Since the product components, their keys, and their values are all known in advance from the schema, a product value is serialized by serializing its component values by lexicographic order of their keys.
For example, in this schema
namespace ex http://example.com/ class ex:Widget { ex:spinniness -> float64 ex:deluxe -> boolean }
each ex:Widget
element would be serialized by nine bytes wide - first the ex:deluxe
component, whose value (boolean
) would take a fixed single byte, and then the ex:deluxe
component, whose value (float64
) would take a fixed eight bytes.
Again, the coproduct options, their keys, and their values are all known in advance from the schema.

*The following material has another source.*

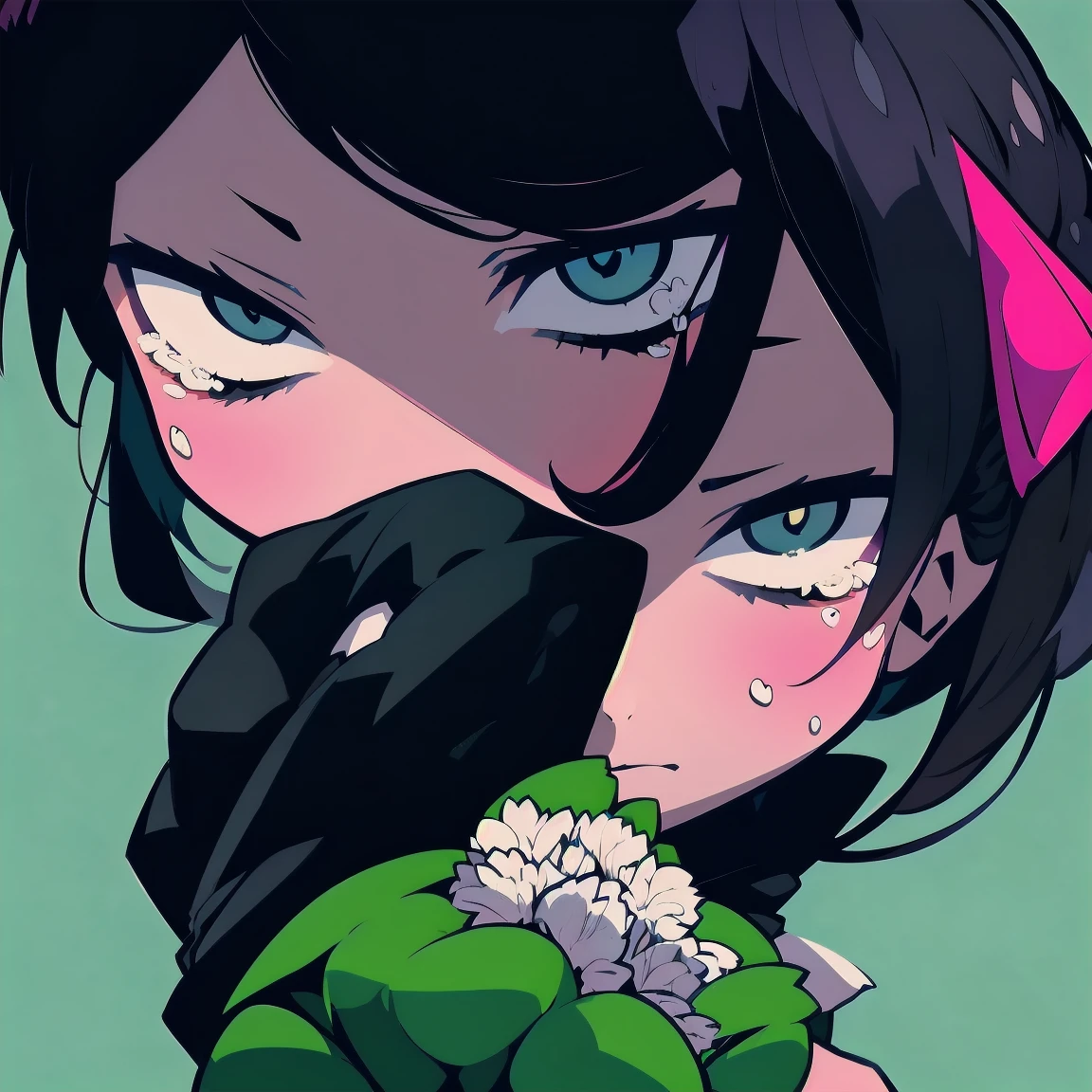 Kawaii Future Bass, Bright & Melancholic, Playful ASMR vibe, bubbly FX, watery sizzle, Scattered cute vocal chops, humming “ふんふん”, Layered supersaw chords with sidechain pumping, Deep but soft sub bass, glitch sparkles, airy pads, Mood:
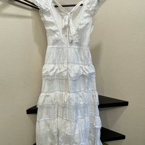 NWOT!! Women’s 4 Tiers White Lace , Opened back Maxi Dress Size XS

A serialized coproduct value begins with an unsigned varint encoding the index of the value's option, as sorted lexicographically by key, followed by the serialization of the option value.
In other words, when decoding a coproduct value, the coproduct options are first sorted lexicographically, and then an unsigned varint is read to index into the sorted array. A value of the corresponding option's type immediately follows.
Element references are represented by unsigned varints encoding indices of elements as they appear in the serialization.
These indices are only for use within the logic of a serialization; it is anti-pattern to use indices to externally identify elements within an instance. Elements, by design, cannot be referenced "from the outside" - if you need to reference elements, you should add a UUID component to their type, or some other kind of identification scheme that fits your needs.
Given this schema
namespace ex http://example.com/ class ex:Person { ex:age -> int } class ex:Person/name { ex:person -> * ex:Person ex:name -> string }
we would encode this instance (given here in an informal JSON format)
{ "http://example.com/Person": [ { "http://example.com/age": 26 }, { "http://example.com/age": 25 } ], "http://example.com/Person/name": [ { "http://example.com/person": 0, "http://example.com/name": "Jim Halpert" }, { "http://example.com/person": 1, "http://example.com/name": "Pam Beesly" }, { "http://example.com/person": 1, "http://example.com/name": "Pamela Morgan Halpert" } ] }
as the byte array
010232580B4A696D2048616C70657274000A50616D20426565736C79011550616D656C61204D6F7267616E2048616C7065727401
... which is the concatenation of these parts:
01
is the serialization version number02
is the number of elements in the ex:Person
class32
is the signed varint for 25 (the product has only one component)58
is the signed varint for 440B
the length of the string Jim Halpert
(http://example.com/name
lexicographically preceeds http://example.com/person
)4A696D2048616C70657274
the content of the string Jim Halpert
00
the index of the referenced ex:Person
element0A
the length of the string Pam Beesly
50616D20426565736C79
the content of the string Pam Beesly
01
the index of the referenced ex:Person
element15
the length of the string Pamela Morgan Halpert
50616D656C61204D6F7267616E2048616C70657274
the content of the string Pamela Morgan Halpert
01
the index of the referenced ex:Person
elementThis serialized instance is 104 bytes (compared to 423 bytes for the indented JSON version and 352 bytes for the JSON with all whitespace stripped).